Write the records out again exactly, but without pictures.
---------- Material shown
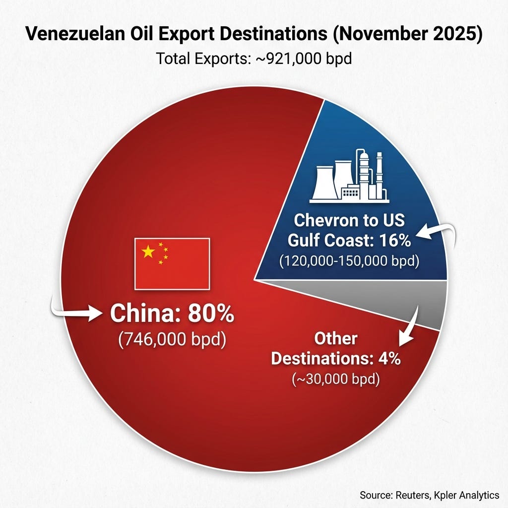 Before US intervention, China absorbed approximately 746,000 barrels per day of Venezuelan crude, 80% of total exports. That heavy, sulfur-rich crude feeds Chinese “teapot” refineries and bitumen production for infrastructure projects, creating specialised demand that can’t easily pivot to alternative suppliers.
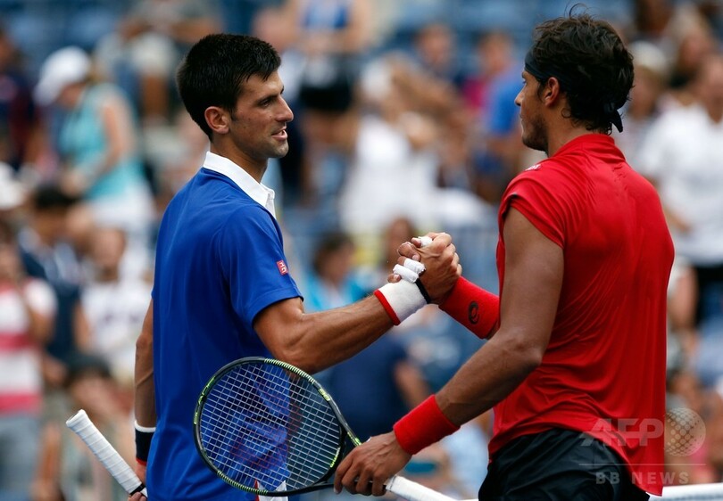 ジョコビッチは、順当に勝ち進めば準決勝で第4シードの錦織圭(Kei Nishikori)と対戦することになっていたものの、前回大会ファイナリストの錦織は同日、4-6、6-3、6-4、6-7、4-6でブノワ・ペール(Benoit Paire、フランス)に敗れて大会から姿を消している。(c)AFP/Jim SLATER
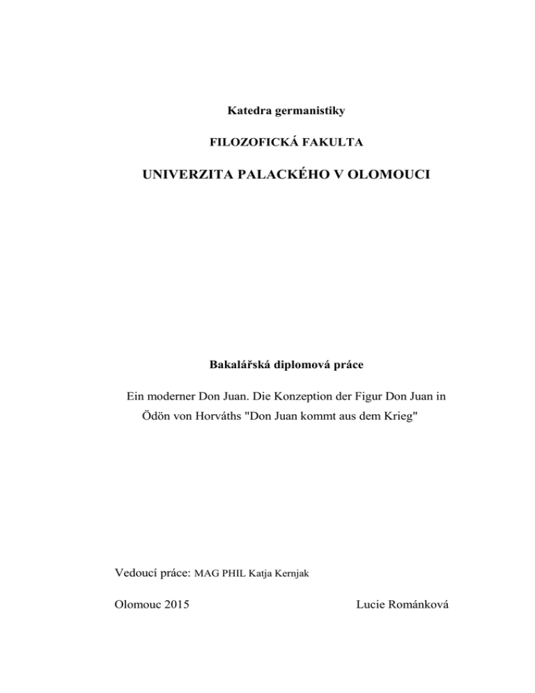 Katedra germanistiky FILOZOFICKÁ FAKULTA UNIVERZITA PALACKÉHO V OLOMOUCI Bakalářská diplomová práce Ein moderner Don Juan. Die Konzeption der Figur Don Juan in Ödön von Horváths "Don Juan kommt aus dem Krieg" Vedoucí práce: MAG PHIL Katja Kernjak Olomouc 2015 Lucie Románková Prohlašuji, že jsem diplomovou práci vypracovala samostatně a uvedla v ní předepsaným způsobem všechny použité prameny a literaturu. V Olomouci dne ………….. Poděkování Zde chci poděkovat MAG PHIL Katji Kernjak za vedení bakalářské práce, nasměrování a velkou míru trpělivosti. INHALTSVERZEICHNIS Obsah INHALTSVERZEICHNIS ................................................................................. 4 1 EINLEITUNG ................................................................................................. 5 2 TRADITIONELLE AUFFASUNG DER DON JUAN FIGUR ...................... 6 2.1 Die Entstehung Don Juans als literarische Figur ...................................... 6 2.2 Die Handlung : El Burlador de Sevilla y Convidado de Piedra ............... 7 2.3 Die charakteristische Merkmale Don Juans ............................................. 8 von Tirso de Molina ....................................................................................... 8 2.3.1 Don Juans Attraktivität ..................................................................... 8 2.3.2 Don Juans Mittel der Verführung ................................................... 12 2.4 Typische Merkmale der Zeit in der spanischen Literatur ....................... 15 3 WEITERE FASSUNGEN............................................................................. 17 3.1 Don Juan Fassung von Molière .............................................................. 18 3.2 Don Juan Fassung von Da Ponte/Mozart ............................................... 19 3.3 Andere Versionen ................................................................................... 20 4 ÖDÖN HORVÁTH, SEINE ZEIT UND DIE DON JUAN FASSUNG ...... 22 4.1 Hotváths Leben ....................................................................................... 22 4.2 Horváths Schaffen im Kontext seiner Zeit ............................................. 23 4.3 Don Juan kommt aus dem Krieg ............................................................ 24 4.4 Handlung ................................................................................................ 25 4.4.1 Erster Akt: Der Krieg ist aus ........................................................... 26 4.4.2 Zweiter Akt: Im Taumel der Inflation ............................................. 26 4.4.3 Dritter Akt: Der Schneemann.......................................................... 27 5 DIE KONZEPTION DER FIGUR DON JUAN VON HORVÁTH ............. 28 5.1 Don Juan als Verführer ........................................................................... 28 5.2 Don Juans Attraktivität ........................................................................... 31 5.3 Don Juans Beziehung zu den Frauen ..................................................... 33 5.4 Don Juans Ideal ...................................................................................... 36 5.5 Ehre ........................................................................................................ 40 5.6 Don Juan als Frevler ............................................................................... 43 5.7 Don Juans Gewissen ............................................................................... 44 6 SCHLUSSFOLGERUNGEN ........................................................................ 46 7 RESUMÉ ...................................................................................................... 48 8 LITERATURVERZEICHNIS ...................................................................... 50 9 ANOTACE .................................................................................................... 52 1 EINLEITUNG Wie schon der Name des Helden im Titel des Werkes vorsagt, die Hauptfigur weist auf die lange Tradition des Don Juan Stoffes an. Das Ziel dieser Arbeit ist, die Konzeption dieser Figur zu definieren. Dementsprechend kann man nicht vermeiden, die Don Juan Fassungen zu erwähnen, die die Schöpfung der allgemein bekannten literarischen Figur bestimmten. Aus diesem Grund beinhaltet die Arbeit die Konzeption der Figur Don Juan von Tirso de Molinas Werk El burlador de Sevilla y convivado de piedra, die die erste bekannte Don Juan Fassung ist. Weiter werden andere Fassungen erwähnt, die zum Bildung des Don Juan Fassung, von Einigen als „Don Juan Mythos“ bezeichnet, beigetragen haben. Diese im gewissen Maß abgeschlossene Darstellung der Figur wird in der Arbeit als „klassisch“ bezeichnet. Ähnlich wird auch über der „klassischen Fassung“ gesprochen. In den weitern Kapitolen wird sich die Arbeit mit dem Werk Don Juan kommt aus dem Krieg von Tirso de Molina beschäftigen. Die Konzeption der Figur wird durch Vergleich mit der „klassischen Fassung“ bestimmt. Zu diesem Zweck werde ich die Figur in den Kontexten analysieren, die für die Figur typisch sind. Es geht zum Beispiel um die Darstellung Don Juans als Verführer oder Frevler, die Ehre und die Beziehung zu den Frauen. 5 2 TRADITIONELLE AUFFASUNG DER DON JUAN FIGUR Eher ich über Figur Don Juan von dem Werk von Horváth sprechen werde, es ist nötig sich mit der Entstehung der Don Juan Figur allgemein zu beschäftigen, ebenso wie mit den Zügen, die für die Figur charakteristisch sind, weil, wie bekannt, Horváths Werk ist nicht das erste Werk, wo wir uns mit Don Juan Figur begegnen. Don Juan Figur hat eine lange Tradition und man kann sagen, die Figur ist unter den Schriftstellern beliebt. Im Vergleich zur ersten Fassung variieren seine Eigenschaften und Züge, aber seine Substanz, die ihn unverwechselbar macht und die für ihn kennzeichnend ist, bleibt. Man kann die Figur im Horváths Drama nicht untersuchen 
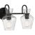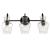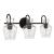 right arrow Long Description: The Hollis vanity light blends modern simplicity with artisanal charm. Its matte black finish provides a sleek, timeless backdrop, while the clear hammered glass shades shimmer like water touched by sunlight. Each curve of glass adds texture and depth, cre
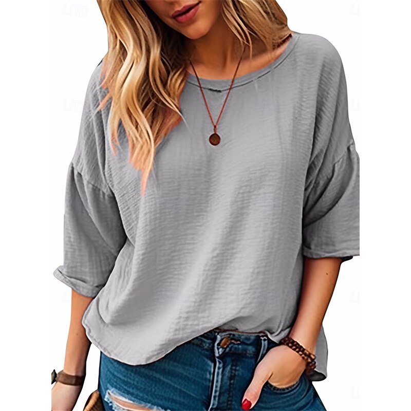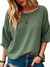 More information about Women's T Shirt Plain Fashion Modern Casual 3/4 Length Sleeve Crew Neck Regular Tops Daily Weekend Pink Blue Green Gray Summer Spring
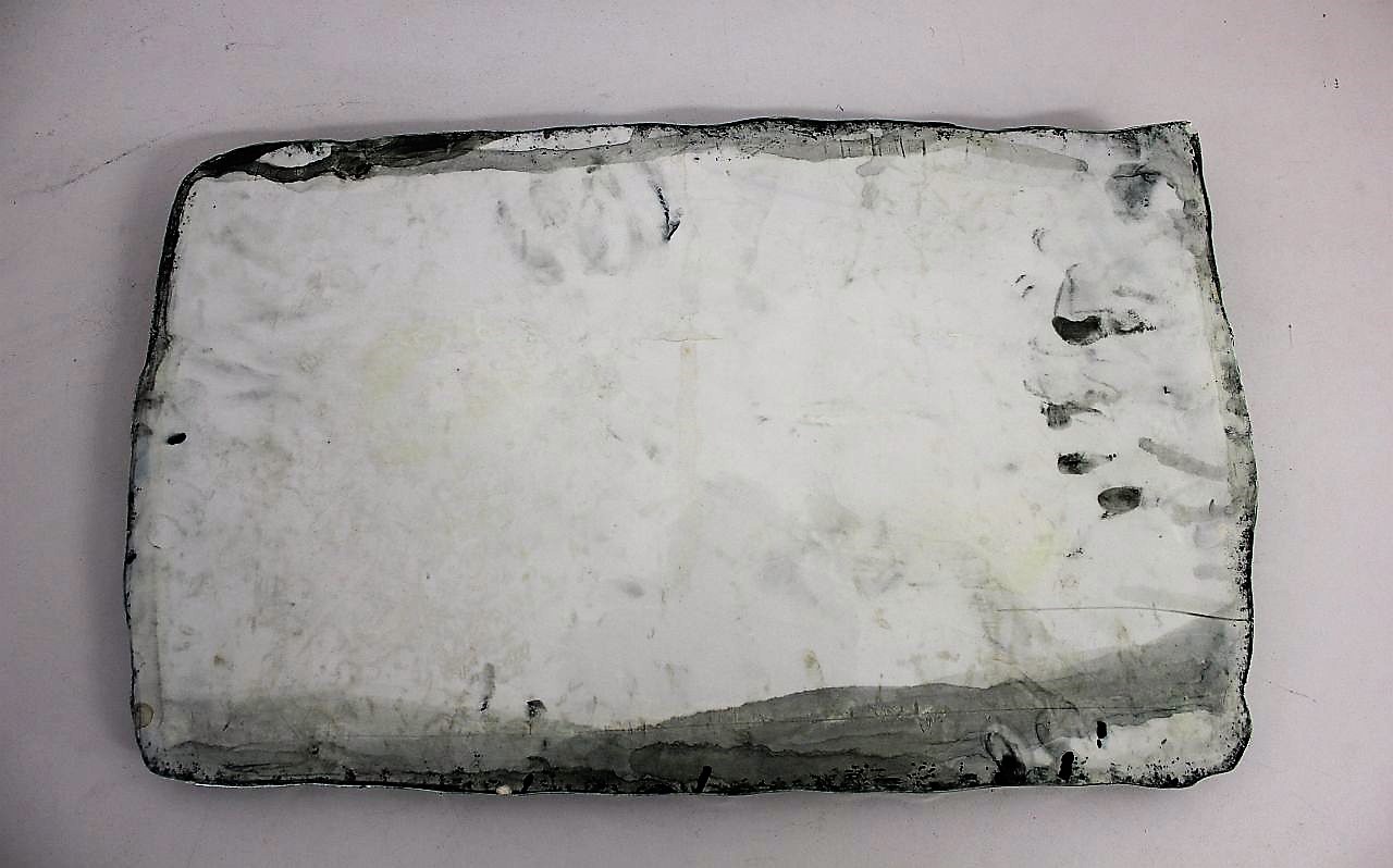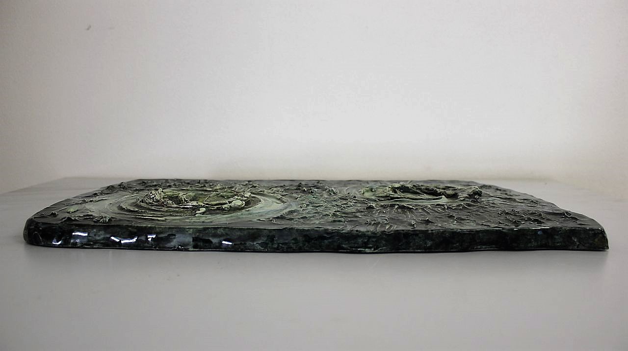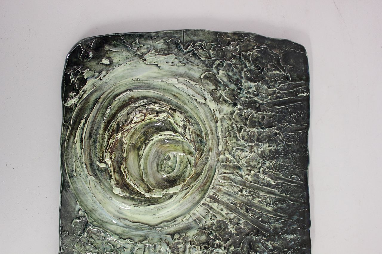 Piastra in ceramica, di forma rettangolare irregolare, motivo a spirale lavorata a dito e a stecco su pasta molle, colori grigio, marron e qualche lumeggiatura di giallo
--------------------
Task result >>
 Before US intervention, China absorbed approximately 746,000 barrels per day of Venezuelan crude, 80% of total exports. That heavy, sulfur-rich crude feeds Chinese “teapot” refineries and bitumen production for infrastructure projects, creating specialised demand that can’t easily pivot to alternative suppliers.
 ジョコビッチは、順当に勝ち進めば準決勝で第4シードの錦織圭(Kei Nishikori)と対戦することになっていたものの、前回大会ファイナリストの錦織は同日、4-6、6-3、6-4、6-7、4-6でブノワ・ペール(Benoit Paire、フランス)に敗れて大会から姿を消している。(c)AFP/Jim SLATER
 Katedra germanistiky FILOZOFICKÁ FAKULTA UNIVERZITA PALACKÉHO V OLOMOUCI Bakalářská diplomová práce Ein moderner Don Juan. Die Konzeption der Figur Don Juan in Ödön von Horváths "Don Juan kommt aus dem Krieg" Vedoucí práce: MAG PHIL Katja Kernjak Olomouc 2015 Lucie Románková Prohlašuji, že jsem diplomovou práci vypracovala samostatně a uvedla v ní předepsaným způsobem všechny použité prameny a literaturu. V Olomouci dne ………….. Poděkování Zde chci poděkovat MAG PHIL Katji Kernjak za vedení bakalářské práce, nasměrování a velkou míru trpělivosti. INHALTSVERZEICHNIS Obsah INHALTSVERZEICHNIS ................................................................................. 4 1 EINLEITUNG ................................................................................................. 5 2 TRADITIONELLE AUFFASUNG DER DON JUAN FIGUR ...................... 6 2.1 Die Entstehung Don Juans als literarische Figur ...................................... 6 2.2 Die Handlung : El Burlador de Sevilla y Convidado de Piedra ............... 7 2.3 Die charakteristische Merkmale Don Juans ............................................. 8 von Tirso de Molina ....................................................................................... 8 2.3.1 Don Juans Attraktivität ..................................................................... 8 2.3.2 Don Juans Mittel der Verführung ................................................... 12 2.4 Typische Merkmale der Zeit in der spanischen Literatur ....................... 15 3 WEITERE FASSUNGEN............................................................................. 17 3.1 Don Juan Fassung von Molière .............................................................. 18 3.2 Don Juan Fassung von Da Ponte/Mozart ............................................... 19 3.3 Andere Versionen ................................................................................... 20 4 ÖDÖN HORVÁTH, SEINE ZEIT UND DIE DON JUAN FASSUNG ...... 22 4.1 Hotváths Leben ....................................................................................... 22 4.2 Horváths Schaffen im Kontext seiner Zeit ............................................. 23 4.3 Don Juan kommt aus dem Krieg ............................................................ 24 4.4 Handlung ................................................................................................ 25 4.4.1 Erster Akt: Der Krieg ist aus ........................................................... 26 4.4.2 Zweiter Akt: Im Taumel der Inflation ............................................. 26 4.4.3 Dritter Akt: Der Schneemann.......................................................... 27 5 DIE KONZEPTION DER FIGUR DON JUAN VON HORVÁTH ............. 28 5.1 Don Juan als Verführer ........................................................................... 28 5.2 Don Juans Attraktivität ........................................................................... 31 5.3 Don Juans Beziehung zu den Frauen ..................................................... 33 5.4 Don Juans Ideal ...................................................................................... 36 5.5 Ehre ........................................................................................................ 40 5.6 Don Juan als Frevler ............................................................................... 43 5.7 Don Juans Gewissen ............................................................................... 44 6 SCHLUSSFOLGERUNGEN ........................................................................ 46 7 RESUMÉ ...................................................................................................... 48 8 LITERATURVERZEICHNIS ...................................................................... 50 9 ANOTACE .................................................................................................... 52 1 EINLEITUNG Wie schon der Name des Helden im Titel des Werkes vorsagt, die Hauptfigur weist auf die lange Tradition des Don Juan Stoffes an. Das Ziel dieser Arbeit ist, die Konzeption dieser Figur zu definieren. Dementsprechend kann man nicht vermeiden, die Don Juan Fassungen zu erwähnen, die die Schöpfung der allgemein bekannten literarischen Figur bestimmten. Aus diesem Grund beinhaltet die Arbeit die Konzeption der Figur Don Juan von Tirso de Molinas Werk El burlador de Sevilla y convivado de piedra, die die erste bekannte Don Juan Fassung ist. Weiter werden andere Fassungen erwähnt, die zum Bildung des Don Juan Fassung, von Einigen als „Don Juan Mythos“ bezeichnet, beigetragen haben. Diese im gewissen Maß abgeschlossene Darstellung der Figur wird in der Arbeit als „klassisch“ bezeichnet. Ähnlich wird auch über der „klassischen Fassung“ gesprochen. In den weitern Kapitolen wird sich die Arbeit mit dem Werk Don Juan kommt aus dem Krieg von Tirso de Molina beschäftigen. Die Konzeption der Figur wird durch Vergleich mit der „klassischen Fassung“ bestimmt. Zu diesem Zweck werde ich die Figur in den Kontexten analysieren, die für die Figur typisch sind. Es geht zum Beispiel um die Darstellung Don Juans als Verführer oder Frevler, die Ehre und die Beziehung zu den Frauen. 5 2 TRADITIONELLE AUFFASUNG DER DON JUAN FIGUR Eher ich über Figur Don Juan von dem Werk von Horváth sprechen werde, es ist nötig sich mit der Entstehung der Don Juan Figur allgemein zu beschäftigen, ebenso wie mit den Zügen, die für die Figur charakteristisch sind, weil, wie bekannt, Horváths Werk ist nicht das erste Werk, wo wir uns mit Don Juan Figur begegnen. Don Juan Figur hat eine lange Tradition und man kann sagen, die Figur ist unter den Schriftstellern beliebt. Im Vergleich zur ersten Fassung variieren seine Eigenschaften und Züge, aber seine Substanz, die ihn unverwechselbar macht und die für ihn kennzeichnend ist, bleibt. Man kann die Figur im Horváths Drama nicht untersuchen 
 right arrow Long Description: The Hollis vanity light blends modern simplicity with artisanal charm. Its matte black finish provides a sleek, timeless backdrop, while the clear hammered glass shades shimmer like water touched by sunlight. Each curve of glass adds texture and depth, cre
 More information about Women's T Shirt Plain Fashion Modern Casual 3/4 Length Sleeve Crew Neck Regular Tops Daily Weekend Pink Blue Green Gray Summer Spring
 Piastra in ceramica, di forma rettangolare irregolare, motivo a spirale lavorata a dito e a stecco su pasta molle, colori grigio, marron e qualche lumeggiatura di giallo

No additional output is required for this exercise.